Много пива! И вон тем цыпочкам — тоже.
Полицейские допили свое пиво и ушли. Дженсон вернулся за стойку и принялся переставлять бутылки и стаканы, изредка поглядывая в сторону Дмитрия. Непонятный посетитель. И лицо странно знакомое. Бармен покосился в сторону телевизора, затем вновь кинул взгляд на Дмитрия.
Тот взглянул на него в ответ.
Бармен тут же принялся протирать стаканы ветхим полотенцем, которого явно заждалась стиральная машина. Дмитрий оглядел свой стакан. Его передернуло. Он вытер губы салфеткой, молча поднялся и вышел из бара.

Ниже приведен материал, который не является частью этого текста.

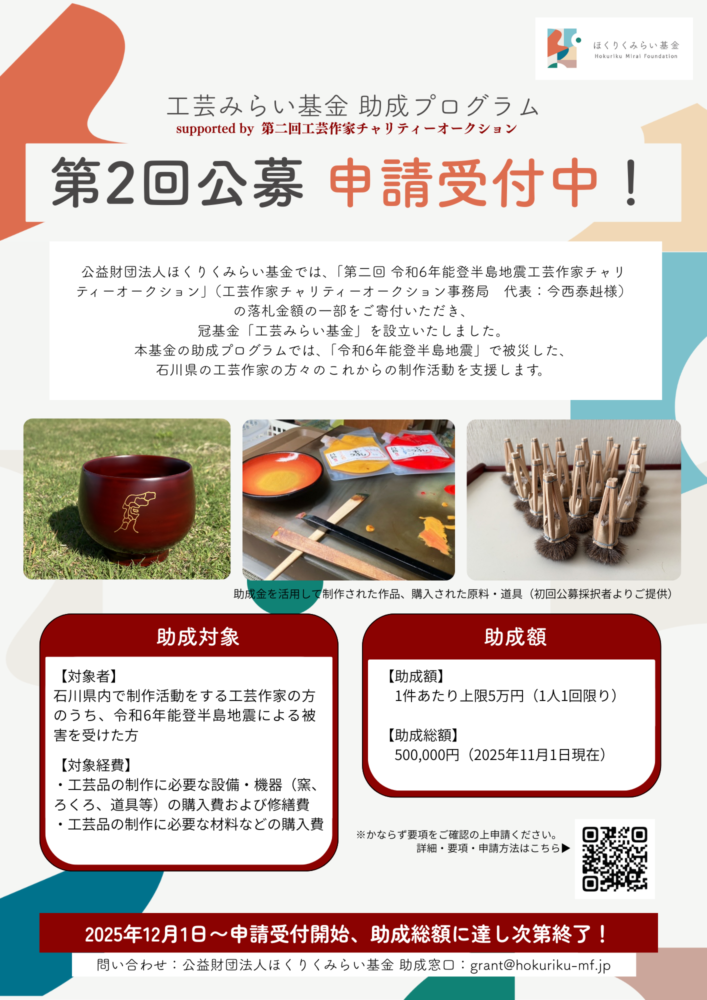 この度、公益財団法人ほくりくみらい基金では、「第二回 令和6年能登半島地震工芸作家チャリティーオークション」(工芸作家チャリティーオークション事務局 代表:今西泰赳様)の落札金額の一部をご寄付いただき、冠基金「工芸みらい基金」を設立いたしました。

Там, у входа в «Три селедки», он остановился и помассировал горло. Достал из кармана книжку, затянутую в алый бархат и, при свете раскачивающегося под ветром фонаря, перелистал ее. Нашел нужную страницу и нацарапал карандашом две цифры.

…Девяносто восемь…



Струи воды взлетали в небо.
Там они рассыпались сверкающими на утреннем солнце живыми бриллиантами. Миг — и они уже летели по ветру жемчужной пылью. Фонтан на центральной площади города никогда не уставал рождать эти недолго живущие драгоценности.
Дмитрий сидел на плитах иссиня-черного лабрадора, из которых был устроен ограждающий фонтан бордюр. Перед ним стоял этюдник из красного дерева, а в руках мужчина держал плотный лист бумаги с шероховатой поверхностью. Дмитрий рассматривал серые выщербленные стены старой городской ратуши и прикидывал, как именно стоит рисовать эту городскую достопримечательность. Расположить лист по вертикали, — тогда древняя ратуша на рисунке окажется как бы устремленной из прошлого в будущее, или же по горизонтали, дабы придавить кривовато построенный дом грузом прошедших веков?
Он с досадой сплюнул… Время. Опять это чертово время!
Тень на мгновение закрыла бумагу, и рядом с Дмитрием на камень опустился парень лет двадцати пяти. Коренастый, невысокий, урожденный северянин. Его трудно было бы распознать в городской толпе, ведь именно малозаметной внешности и требовала его профессия. Он работал курьером. Впрочем, был у него и недостаток с точки зрения того занятия, какое он себе выбрал. Когда он улыбался, его передние зубы оказывались слишком крупными. Примечательная деталь.
Дмитрий про себя звал его Бобром. Как он знал, Бобер стеснялся своих резцов и копил деньги на стоматолога, чтобы заменить зубы обычными, не такими запоминающимися.
Курьер покосился на пустой лист в руках Дмитрия. Затем взглянул на ратушу.
— Тебе письмо, — тихо произнес он.
— От кого?
— От заказчика.
— И кто же он?
— Небо и ветер, — сверкнул зубами Бобер. — Море и дождь.
Дмитрий хмыкнул:
— Надо бы как-нибудь за тобой проследить.
— Надорвешься, — хихикнул Бобер.
Дмитрий помолчал. Какое-никакое, а все же развлечение. Хоть эта игра ему уже поднадоела.
— Еще что-нибудь? На словах?
Курьер кивнул.
— Только одно. Сегодня. Любой ценой, но — сегодня.
— Невозможно. У меня ничего не готово, — покачал головой Дмитрий. — Нет… красок. И холста.
Бобер пожал плечами:
— Я просто передаю просьбу. А там уж дело твое.
Они помолчали.
— Как тебе удается меня находить?
— Древнее Искусство Почтовых Курьеров, — хихикнул Бобер. — Это моя работа. Я же не спрашиваю тебя, как ты рисуешь?
Он поднялся, кивнул Дмитрию и исчез в толпе на площади, оставив на лабрадоре упитанный пакет из синей бумаги.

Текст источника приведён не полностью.